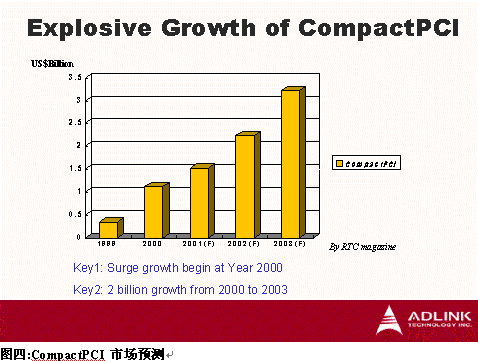 Magazine 估計(jì),CompactPCI市場將由1999年的美金$350 Million成長到2003年的美金$3200 Million,年復(fù)合成長率高達(dá)45.6%,其中又以2002年至2003年最大幅成長。CompactPCI為工業(yè)計(jì)算機(jī)產(chǎn)業(yè)開拓了一個(gè)以往傳統(tǒng)工業(yè)計(jì)算機(jī)無法應(yīng)用的新市場,而CompactPCI需針對電信等級應(yīng)用提供高可靠度及達(dá)到嚴(yán)苛高品質(zhì)要求,卻又為傳統(tǒng)工業(yè)計(jì)算機(jī)廠商豎立高進(jìn)入障礙,因此,目前能提供電信級CompactPCI寬頻通訊平臺幾為國外廠商,如Motorola、Ziatech、Force
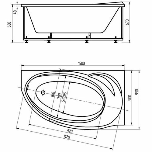 Акриловая ванна Aquatek Бетта 150x95 R BET150-0000058 без гидромассажа с фронтальной панелью с каркасом (разборный) со слив-переливом
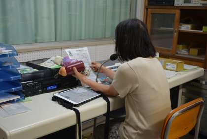 毎週金曜日には図書館司書が来校して、図書館の整備など様々な活動をしています。今日は、蔵書点検、昼の放送、授業支援を行っていただきました。
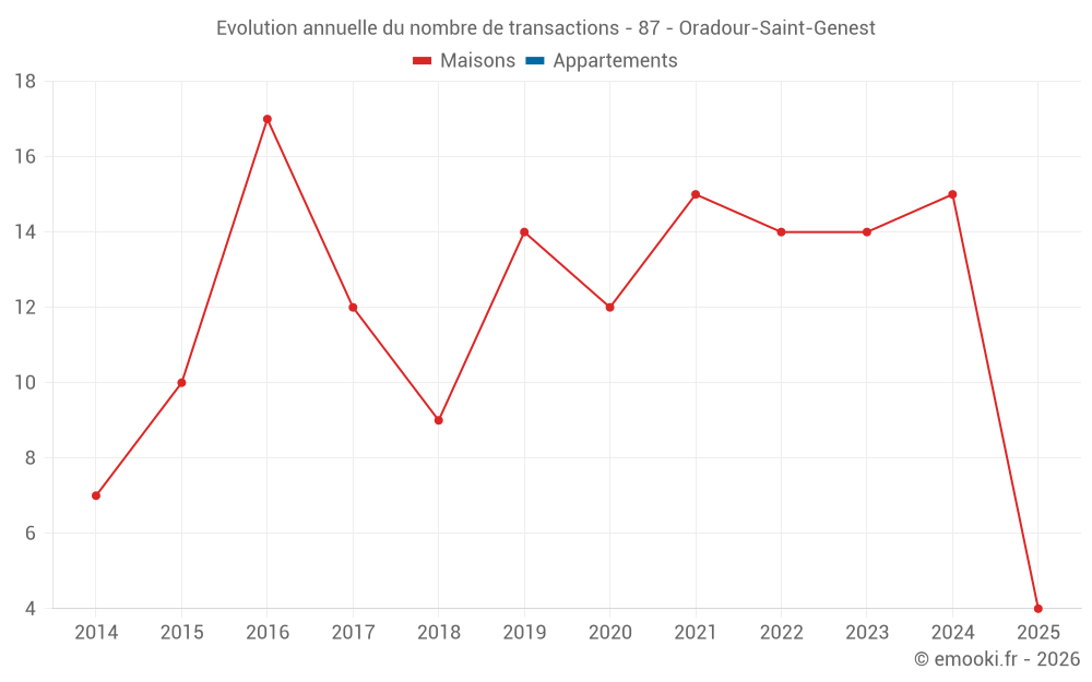 Le prix médian sur les 26 transactions de maisons des 24 derniers mois dans la commune d'Oradour-Saint-Genest était de 596 € par mètre carré pour une valeur foncière médiane de 58 225 €. Sur cette période 60% des transactions se sont situées entre 300 et 1 091 € par mètre carré (du 2ème au 8ème déciles).
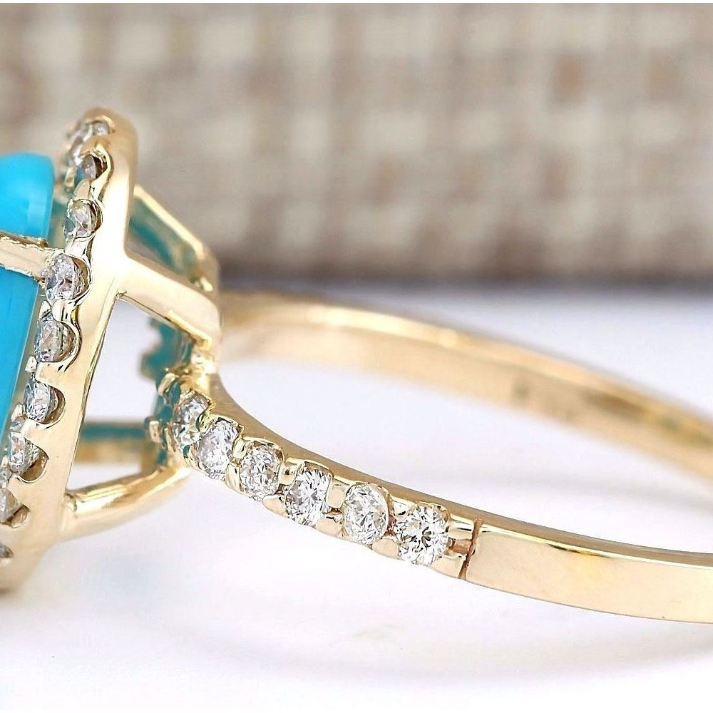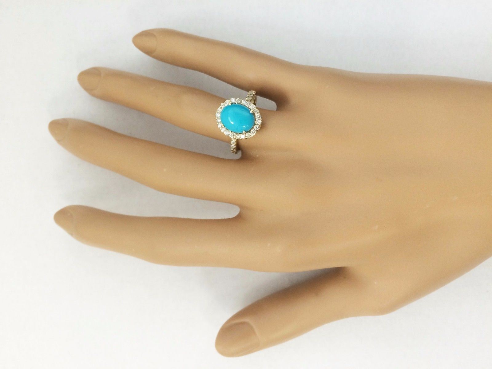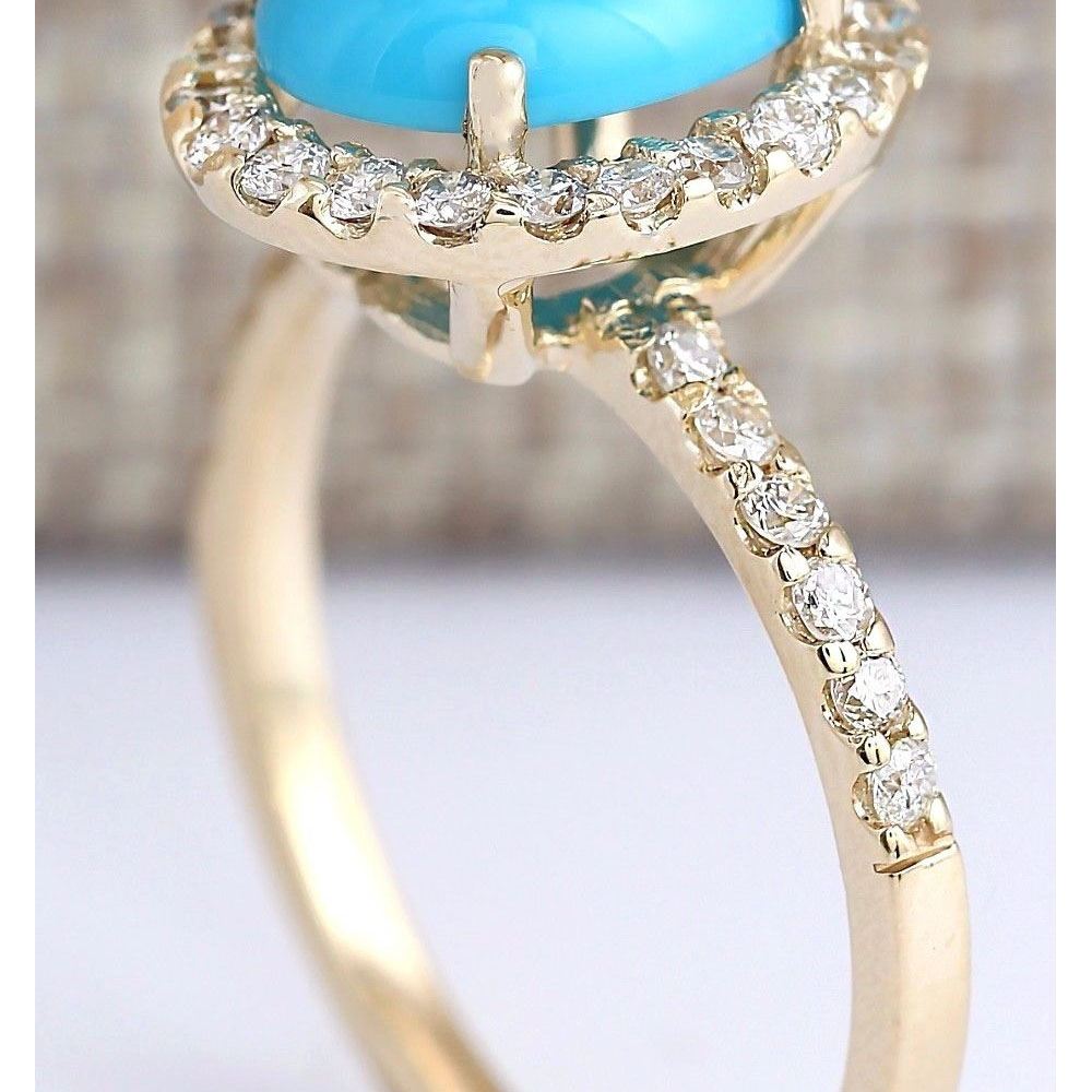 2.67 CTW Natural Turquoise And Diamond Ring In 14k Yellow Gold
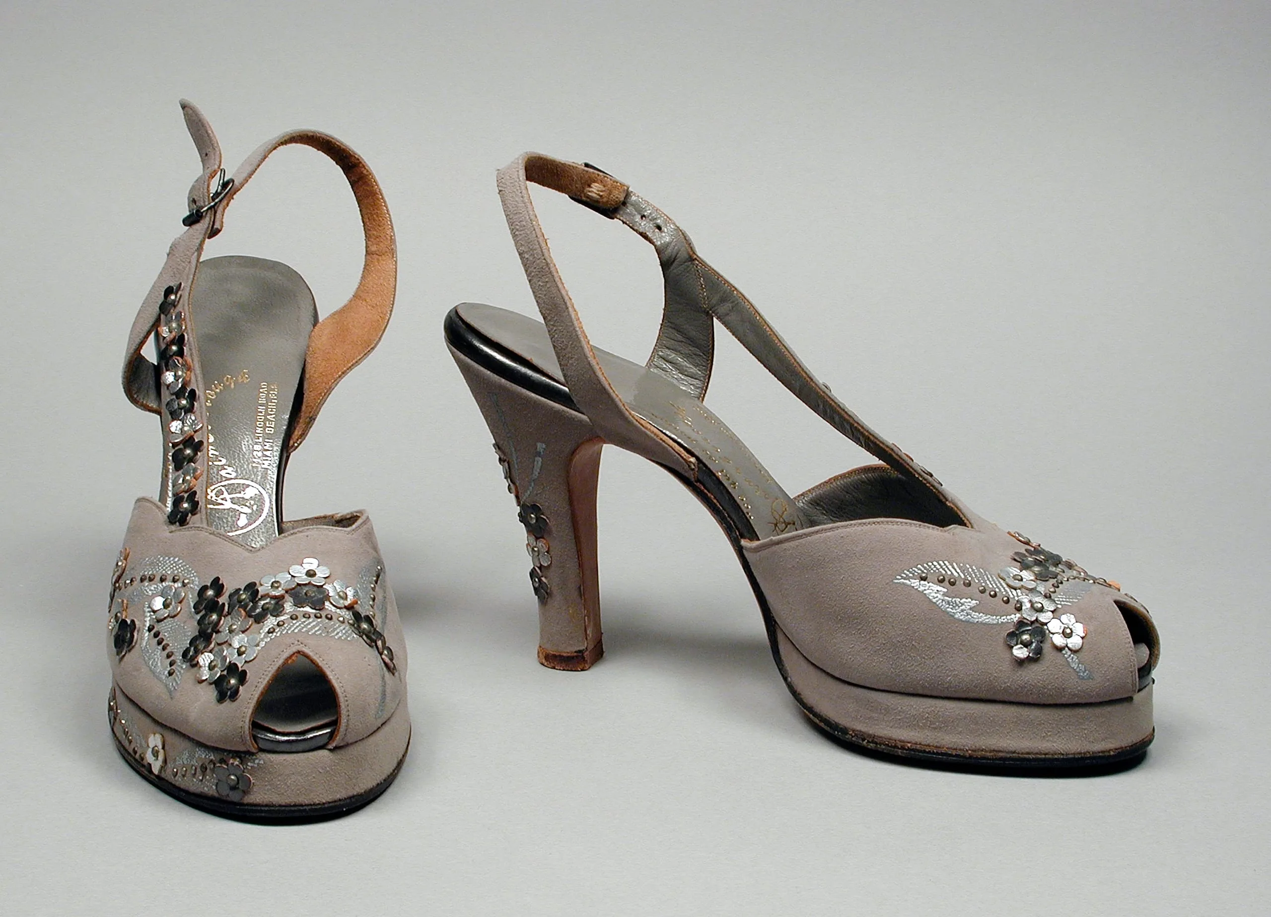 - Leather (suede), with leather appliques, metal studs, and metallic paint

******

* [Problem]: Copy out all the data above exactly, minus the images.

* [Output of the exercise]:
 Magazine 估計(jì),CompactPCI市場將由1999年的美金$350 Million成長到2003年的美金$3200 Million,年復(fù)合成長率高達(dá)45.6%,其中又以2002年至2003年最大幅成長。CompactPCI為工業(yè)計(jì)算機(jī)產(chǎn)業(yè)開拓了一個(gè)以往傳統(tǒng)工業(yè)計(jì)算機(jī)無法應(yīng)用的新市場,而CompactPCI需針對電信等級應(yīng)用提供高可靠度及達(dá)到嚴(yán)苛高品質(zhì)要求,卻又為傳統(tǒng)工業(yè)計(jì)算機(jī)廠商豎立高進(jìn)入障礙,因此,目前能提供電信級CompactPCI寬頻通訊平臺幾為國外廠商,如Motorola、Ziatech、Force
 Акриловая ванна Aquatek Бетта 150x95 R BET150-0000058 без гидромассажа с фронтальной панелью с каркасом (разборный) со слив-переливом
 毎週金曜日には図書館司書が来校して、図書館の整備など様々な活動をしています。今日は、蔵書点検、昼の放送、授業支援を行っていただきました。
 Le prix médian sur les 26 transactions de maisons des 24 derniers mois dans la commune d'Oradour-Saint-Genest était de 596 € par mètre carré pour une valeur foncière médiane de 58 225 €. Sur cette période 60% des transactions se sont situées entre 300 et 1 091 € par mètre carré (du 2ème au 8ème déciles).
 2.67 CTW Natural Turquoise And Diamond Ring In 14k Yellow Gold
 - Leather (suede), with leather appliques, metal studs, and metallic paint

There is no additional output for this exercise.